If the agency notifies more than 1,000 persons at one time, then the agency must also notify, without unreasonable delay, the SCDCA, and all the major credit bureaus, of the timing, distribution, and content of the notice.

A South Carolina resident injured by a violation of this statute may institute a civil action to recover damages, seek an injunction to enforce compliance, and if successful recover attorney's fees and court costs.

The SCDCA is authorised to assess an administrative fine of up to $1,000 for each resident whose information was accessible as a result of a breach, in the event that an agency knowingly and willingly violates the statute.

Proposed/Pending Legislation or Regulation

These bills have merely been introduced, and there is no indication that they will be passed or enacted.

South Carolina Biometric Data Privacy Act

House Bill ('HB') 3063 for the South Carolina Biometric Data Privacy Act would provide certain requirements for a business that collects a consumer's biometric information, to allow the consumer to request that a business delete the collected biometric information and to prohibit the sale of biometric information, to establish certain standards of care for a business that collects biometric information, to establish a procedure for a consumer to opt out of the sale of biometric information, to prohibit a business from discriminating against a consumer who opts out of the sale of their biometric information, and to provide a penalty.

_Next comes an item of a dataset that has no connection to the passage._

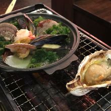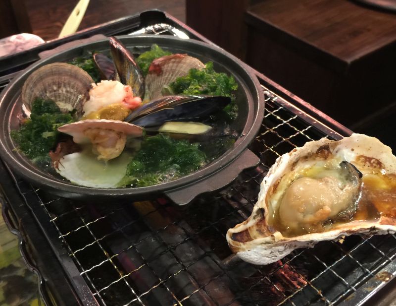 目利きの銀次は海鮮料理を前面に出した居酒屋でした。各テーブルにガスコンロがあって、そこで魚介を焼くことができます。自分のペースで好きな時に焼けるので便利です。

South Carolina Data Privacy Act

HB 3016 for the South Carolina Data Privacy Act would provide that a search warrant must be issued before certain electronic data may be seized by a law enforcement agency, to require the law enforcement agency to notify the owner of the electronic device, data, or information specified in the search warrant, to prohibit a law enforcement agency from collecting certain information from a third-party without a search warrant, and to prohibit the use of information obtained in violation of this Act.

South Carolina Cellular Data Privacy Protection Act

HB 3014 for the South Carolina Cellular Data Privacy Protection Act ('the Cellular Data Act') would prohibit a mobile telecommunications provider from selling a customer's personal data to a third party, to impose a penalty, and to authorise the AG to investigate and enforce alleged violations of the Cellular Data Act.